RBC Capital Markets is the financial adviser to the county, and Fulbright & Jaworski LLP is bond counsel.

The growing county is just north of Harris County and is grappling with ways to ease traffic congestion. The Woodlands, one of the first master-planned suburban communities in the country is in the southernmost part of Montgomery County.

In November, Standard & Poor’s raised its underlying rating on the county to AA-minus from A-plus based on continued tax-base expansion and strong budget controls.

Moody’s rates the county’s credit at Aa3 due to the tax-base expansion and strong financial management. The county’s fiscal 2008 taxable value rose 13.4% from the year earlier to $26.5 billion, and officials attribute 50% of that growth to new-home construction, according to analysts.

In the competitive market Tuesday, Hurst plans to offer $16.1 million of tax and waterworks and sewer system revenue certificates of obligation.

First Southwest is financial adviser to the town of about 39,000 in the mid-cities section of the DFW metroplex. Fulbright & Jaworski is bond counsel. Hurst is about 10 miles east of Fort Worth and 25 miles west of Dallas.

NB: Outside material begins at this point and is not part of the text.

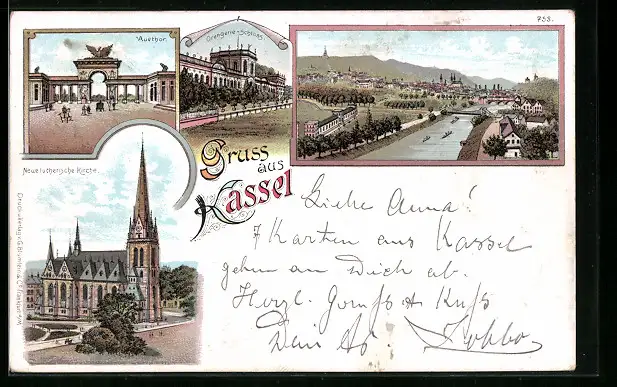Lithographie Kassel, Auethor, Orangerie-Schloss, neue luth. Kirche

Insurance for the bonds, which are structured as serials with final maturity in 2038, will be at the bidder’s option. Hurst’s GO debt is rated AA by Standard & Poor’s and Aa3 by Moody’s.

Proceeds will fund expansions to the water and sewer system and street improvements. 

Beaumont Independent School District plans to offer $65 million of school building bonds this week. Southwest Securities is lead manager for the sale.

This is the second sale by the Gulf Coast district from a November authorization of $388.6 million, and the second new-money bond sale by the district in about a decade.

RBC Capital Markets is the financial adviser to the district, and Orgain, Bell & Tucker LLP and Oliver W. Sprott Jr. are co-bond counsel.

Prior to November’s election, district voters had approved only one bond referendum in the past 30 years. As recently as 2002, voters rejected a bond referendum despite the district identifying more than $300 million of needs at that time. The district’s 30 schools average 50 years old.

Total enrollment of about 19,300 is down from almost 21,000 in 2001. The district uses more than 200 portable classrooms to alleviate overcrowding in some schools.

This week’s sale will be backed by the state’s triple-A rated Permanent School Fund. Beaumont ISD carries underlying ratings of A-plus from Standard & Poor’s and A1 from Moody’s.

New Braunfels Independent School District is issuing $17 million of school building bonds this week following upgrades to AA-minus from A-plus by both Standard & Poor’s and Fitch Ratings.

Analysts said the higher rating reflects the central Texas district’s “historically very strong financial performance and position.”

Fitch said the upgrade also reflects substantial increases to the general-fund reserves despite enrollment growth pressures and the new state school funding formula.

The negotiated sale, which exhausts a $42 million bond package passed in 2006, will be led by First Southwest. The bonds come to market with the triple-A wrap of the PSF.

Proceeds will complete the projects from the ’06 authorization for one new elementary school, expansion of a middle school, increased transportation services, and an upgrade of the high school field house.